Pictures aside, repeat the listing below exactly.

____ Source material

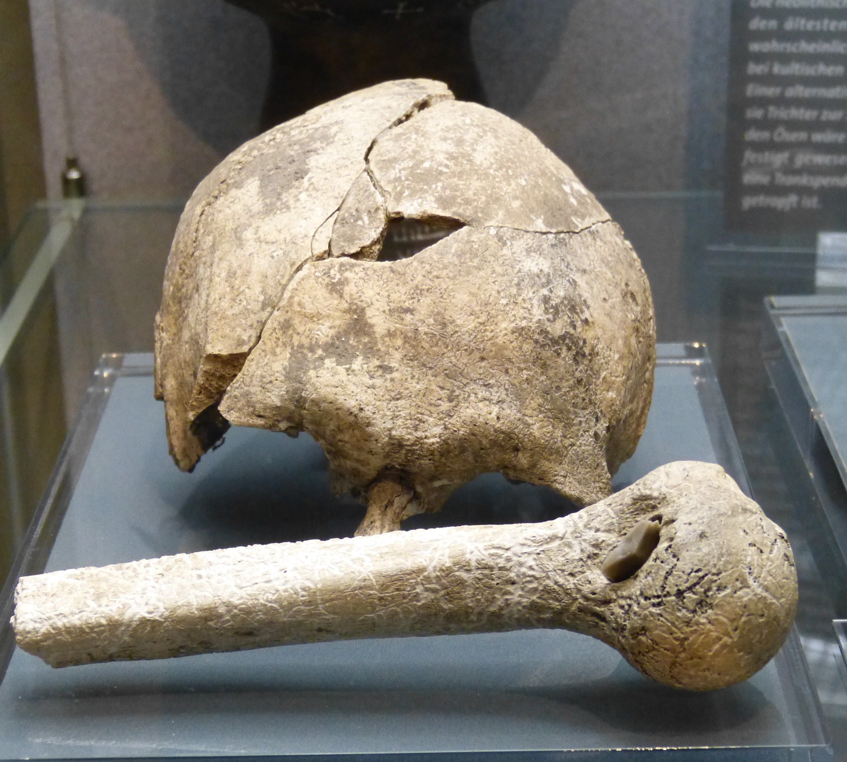 Weimar ( Thuringia ). Museum for Prehistory in Thuringia: Traces of prehistoric warfare - Human skull broken by a stone axe from Schönstedt and Humerus with flint arrow tip from Niederbösa.
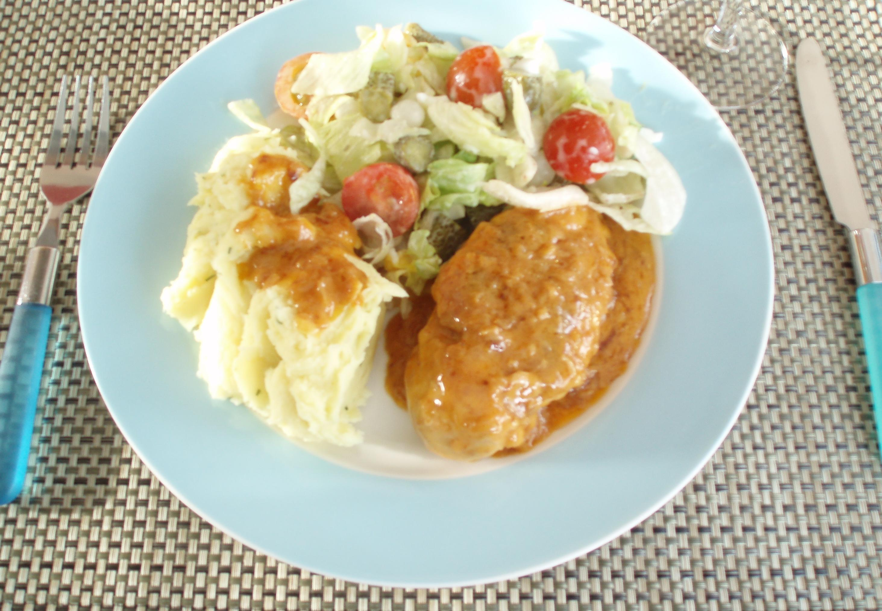 Mashed potatoes with chicken in white wine sauce and Dutch salad.
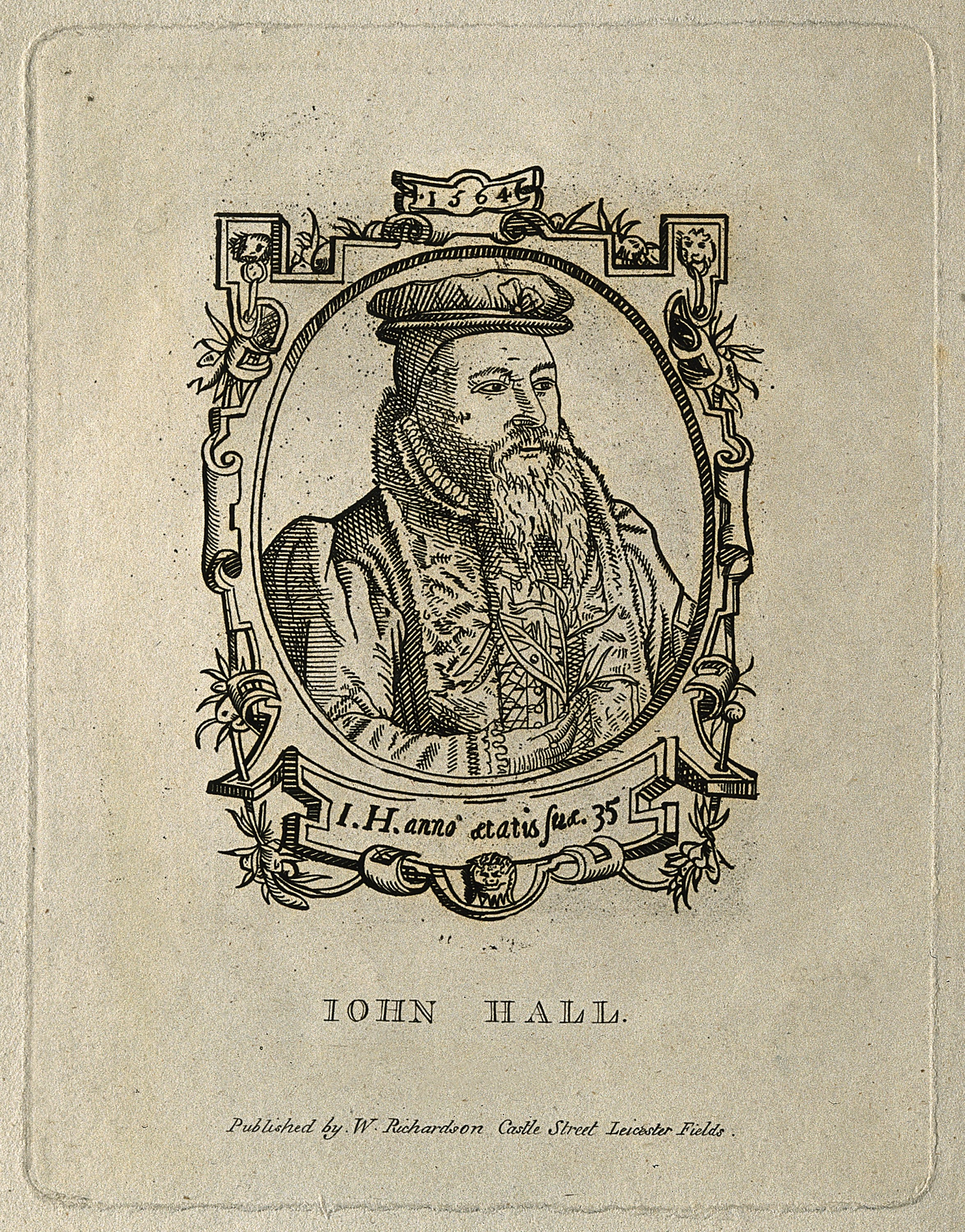 John Hall. Woodcut, 1565. Iconographic Collections Keywords: portrait prints; woodcuts; John Hall

________

Solution for this problem.
 Weimar ( Thuringia ). Museum for Prehistory in Thuringia: Traces of prehistoric warfare - Human skull broken by a stone axe from Schönstedt and Humerus with flint arrow tip from Niederbösa.
 Mashed potatoes with chicken in white wine sauce and Dutch salad.
 John Hall. Woodcut, 1565. Iconographic Collections Keywords: portrait prints; woodcuts; John Hall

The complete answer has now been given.